The only function executed is checking SNMP OID for sysDescr to test if it’s a Cisco device or not. It can be extended for other vendors if needed, but it’s enough for this lab to distinguish between a Cisco and non-Cisco device. The function then uses sysName for the device hostname and again uses the sysDescr to get the IOS version. This approach is used only for this demonstration as an illustration on how to use SNMP framework and simple scripts — the key is to know what to get and how to represent it using known tools like scripting or post-process editing tools, (like office tools, for example).

The same mechanism can be used to create a network diagram, but the Nmap should check the whole IP space, and the scripts should access all of the devices, analyzing the directly connected subnets. Pairing the devices within the same subnets creates the baseline for the network diagram and should be extended with specific IPs and interface names.

Using this process, this list of devices was created in just five minutes (instead of the 45 minutes it took compiling it the manual way). Creating scripts to gather all of the data for the network diagram took around five more minutes, and the topology was built in approximately 25 minutes.

Using IP Fabric

Network discovery can be completed by a few tools that already exist, but so that you can understand the unique benefits of IP Fabric’s platform, let’s take a look at the tool’s incredibly easy setup and deployment process. To get started, all you need to do is enter the credentials IP Fabric will need to access the network devices, and supply a few other details for use during the discovery process.

IP Fabric— Setting the access credentials for device access

If you’d like, you can set additional parameters. We’re going to use these in our example:

  • Settings-Advanced-Discovery-IP networks to include — 0.0.0.0/0
  • Settings-Advanced-Discovery-IP networks to exclude — 10.0.0.0/8
  • Settings-Discovery Seed-Starting point 172.16.1.5

Once that’s done, hit the play, sit back, and watch IP Fabric get to work (example shown below).

IP Fabric — Discovery process

The entire process is automatic, without any interaction from you needed, and all data that IP Fabric generates is saved for further analysis and graphical presentation.

The first part of the results that you should check is the inventory list (shown below). Compare the list IP Fabric generated to the one you created manually, to see if any differences exist. Many users are amazed after they end up seeing results on the IP Fabric list that escaped their eye when they were building up the list manually.
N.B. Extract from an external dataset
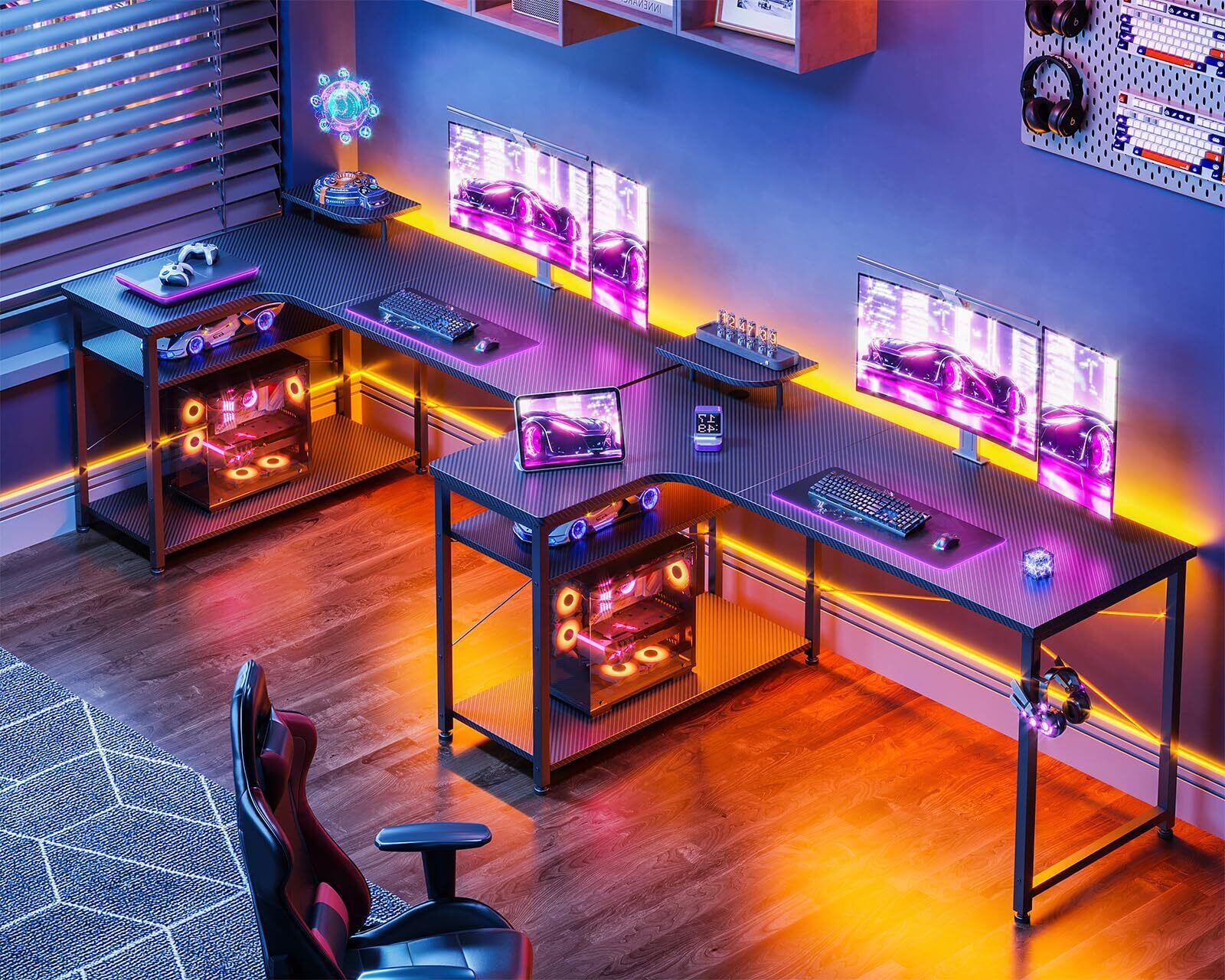 ✨左側のラックには、本棚としてや、ゲーミングアイテムの収納にも便利です。デスク周りをスッキリ整理し、必要なアイテムをすぐ手に入れられる機能的なデザインです。

IP Fabric — Inventory list

As you can see, the list shows a significant amount of network device details, including vendor information, management IP address, software version, and even additional information like uptime, memory usage, etc. Not only does this help us validate our assumptions, but it provides additional helpful information, which helps expand our knowledge base.

Network Diagram Graphics

The next part of IP Fabric’s results that you should check is the network diagram graphic (shown below).

IP Fabric — the network diagram (default view)

The diagram visually groups the devices based on site name (the site naming convention can be adjusted in the discovery settings with regexp string). It’s not a diagram of the practical look of the network, but IP Fabric offers ways of modifying the diagram by clicking the cloud images, hiding site boundaries, showing (or hiding) the L2/L3 connections, etc. With these features, you can use IP Fabric to create a diagram closer to the real topology, like the one shown below.

IP Fabric — the network diagram (adjusted view)

Now that we’ve covered how quick and easy it is to deploy and use IP Fabric, making it the obvious choice when discovering unknown networks, you’re ready to try it out for yourself.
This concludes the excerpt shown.